Шульце надо искать, а поваренка и 45-летнего официанта, через них находить Шульце, а еще лучше напрямую – легкую на ногу девицу, которая не ведает, что судьбы Москвы и Берлина – в ее постельных шашнях с радистом из Цоссена. Проще простого – обратиться в отдел потерь управления общих дел вермахта, там уж точно установят, живы ли все эти три человека из “Адлона”, но, во-первых, вся административная система Германии развалена, никакого учета вообще не ведется, ни одной правдивой цифры в донесениях – и фюрера не обманывают, докладывая ему о положении на фронтах, как уверены в этом многие, а во-вторых, опасно: империя гибнет, ПВО столицы расшатано, развал ее начинается с земли, по ночному Берлину автомобили передвигаются со включенными фарами, лишь изредка с зашторенными синими. Но даже если Генрих Шульце жив, то не сбрасывают ли сейчас труп той девчушки в только что подвезенный гроб? Наконец, если ищет он правильно, то есть Генриха Шульце, то не исключено: и по его, Ростова, следам идут, его ищут, и не только абвер и гестапо, но и те, что ждут от него ответа, те, кто нашел его в Югославии и рассказал о Мадагаскаре, поведал о… (“Пс-ст!”)

Искать Шульце, искать! Для чего надо себя предъявлять там, где он бывал раньше с Аннелорой и без нее.

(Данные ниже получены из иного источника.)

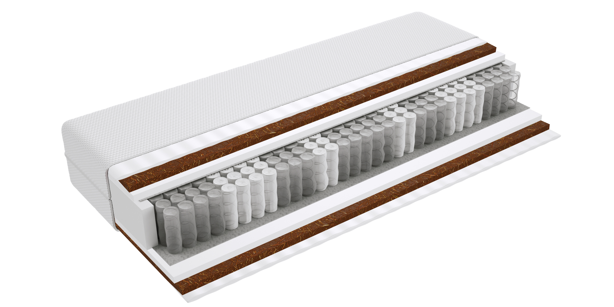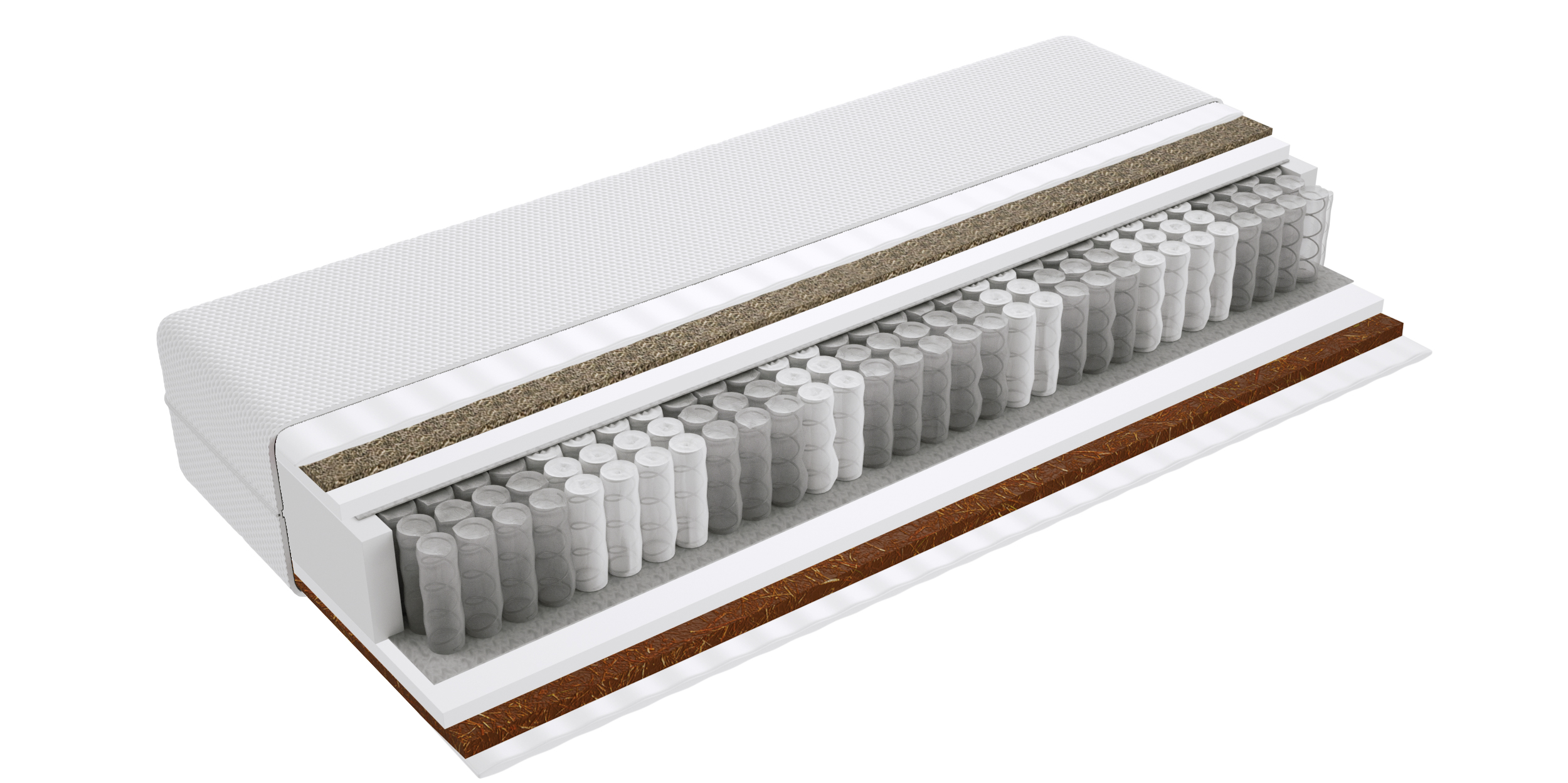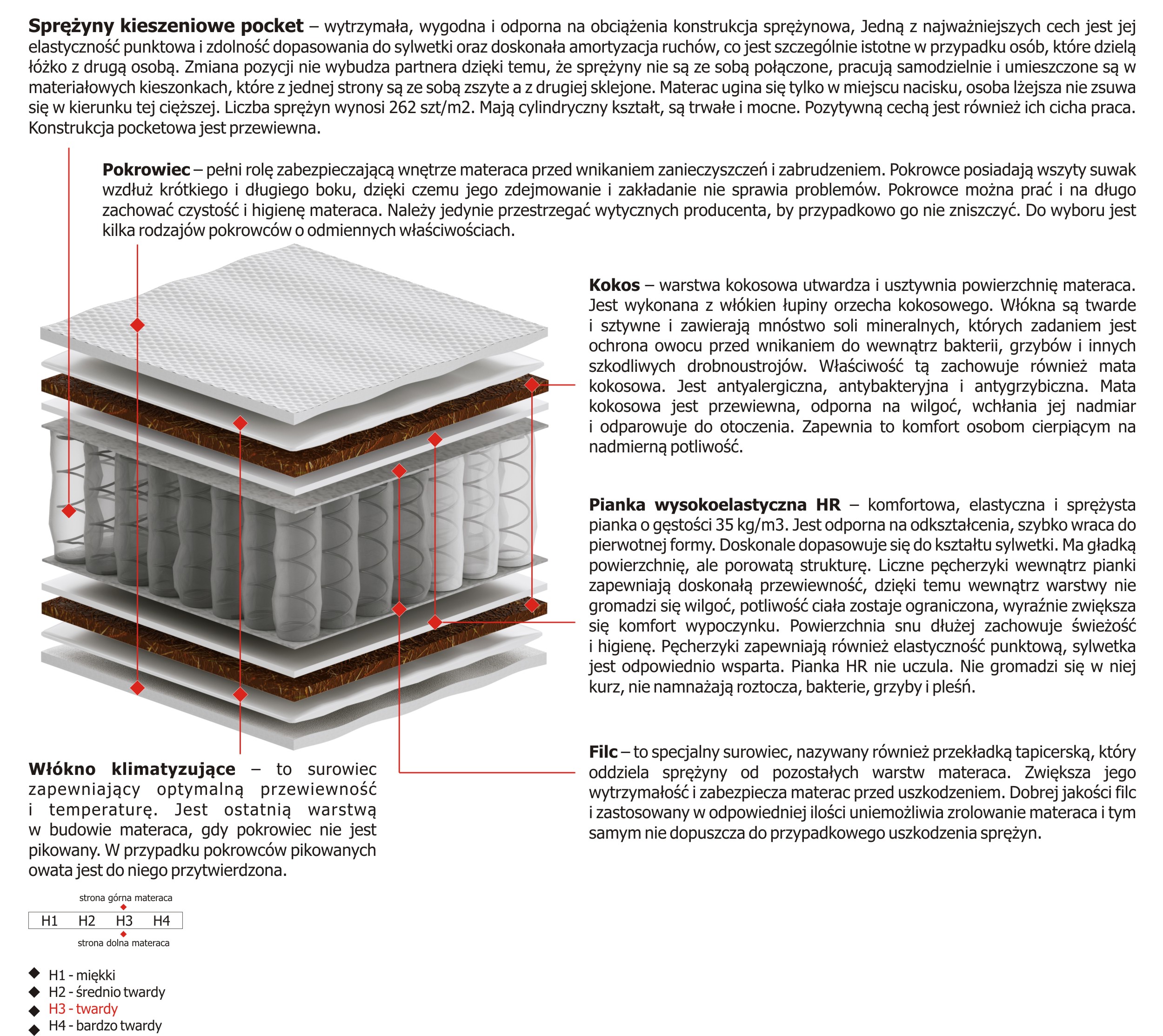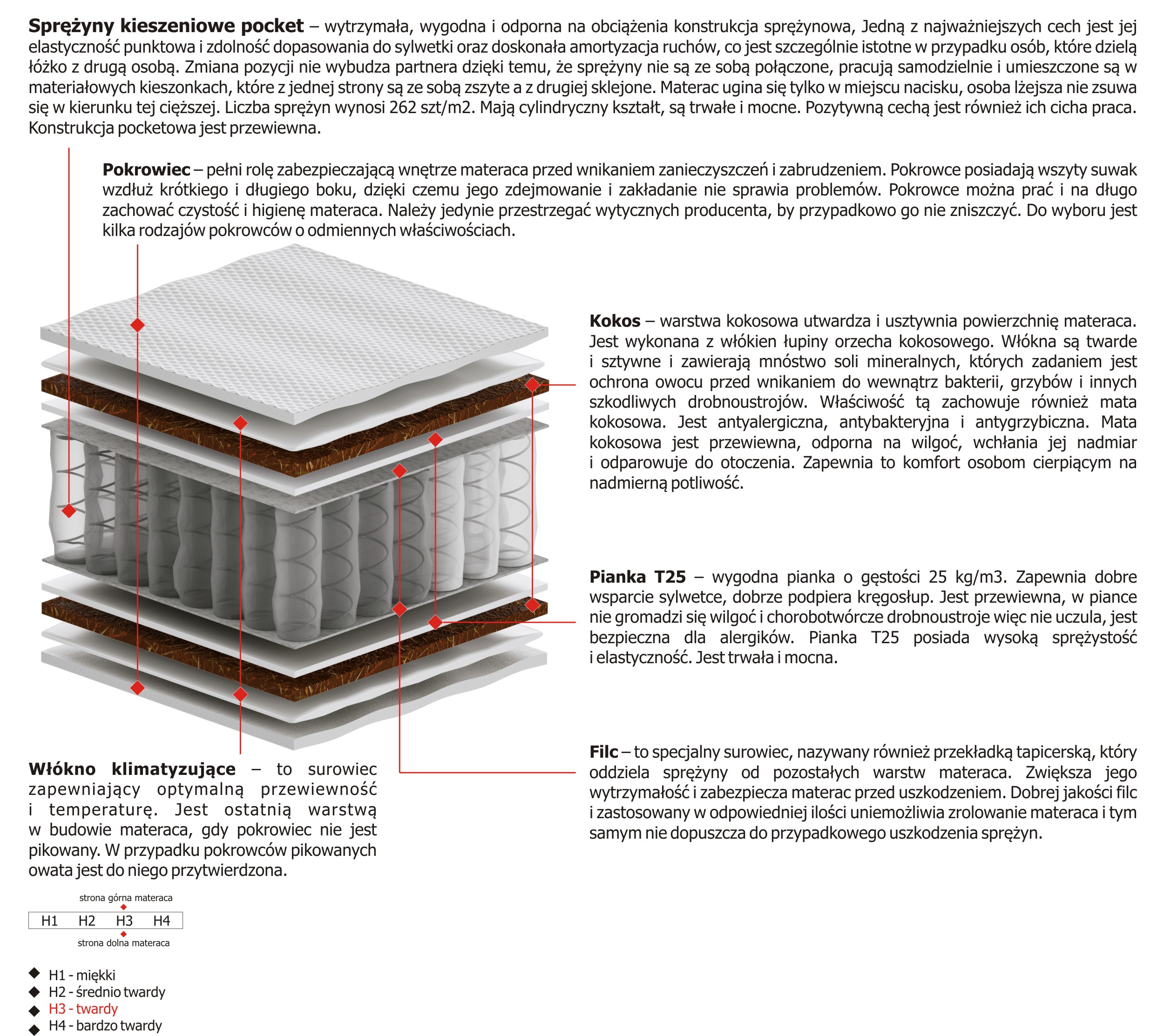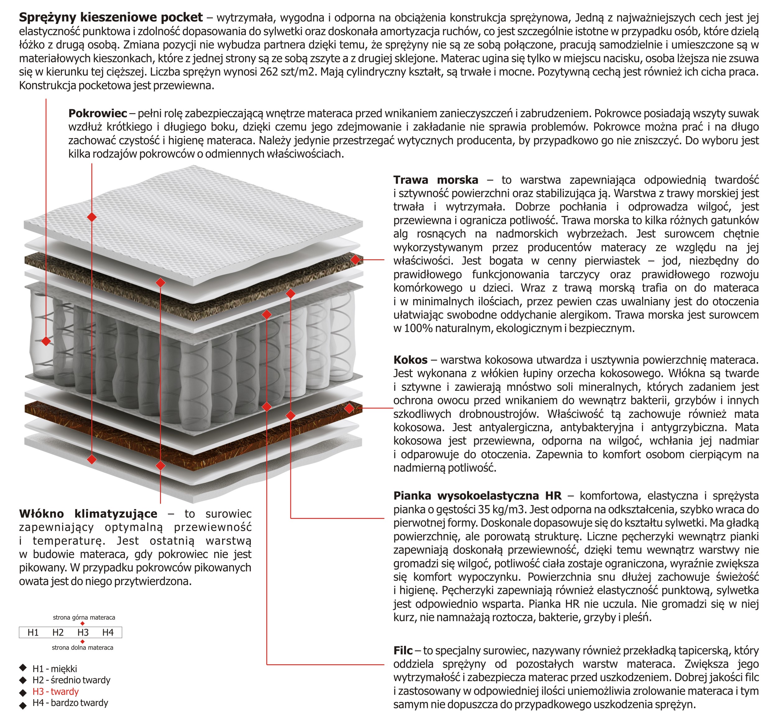 – wytrzymała, wygodna i odporna na obciążenia konstrukcja sprężynowa, Jedną z najważniejszych cech jest jej elastyczność punktowa i zdolność dopasowania do sylwetki oraz doskonała amortyzacja ruchów, co jest szczególnie istotne w przypadku osób, które dzielą łóżko z drugą osobą. Zmiana pozycji nie wybudza partnera dzięki temu, że sprężyny nie są ze sobą połączone, pracują samodzielnie i umieszczone są w materiałowych kieszonkach, które z jednej strony są ze sobą zszyte a z drugiej sklejone. Materac ugina się tylko w miejscu nacisku, osoba lżejsza nie zsuwa się w kierunku tej cięższej. Liczba sprężyn wynosi 262 szt/m2. Mają cylindryczny kształt, są trwałe i mocne. Pozytywną cechą jest również ich cicha praca. Konstrukcja pocketowa jest przewiewna.

Вкусы ее поражали, она тянулась ко всему тому, что доктор Геббельс именовал гнильем, экстрактом еврейского разложения: так и норовила супруга, воспитанная в строжайших правилах, покрутить – ни с того ни с сего – обнаженными плечами в “Танцфесте”, поаплодировать злобным комикам в “Романском кафе”, да и в “Адлон” похаживала ради оркестра, где экзотики ради похожий на негра барабанщик время от времени скалил зубы. С киностудией когда-то был у нее контракт, там ее так обидели, что возненавидела Аннелора всех звезд и режиссеров, настояла на своем и перебралась в Гамбург, но попадала в Берлин – и проникала на студию подышать воздушком развратца, а теперь и Гёца фон Ростова потянуло на тот же воздушок, хотя и без намерений подразвратиться, что, однако, тоже не помешало бы.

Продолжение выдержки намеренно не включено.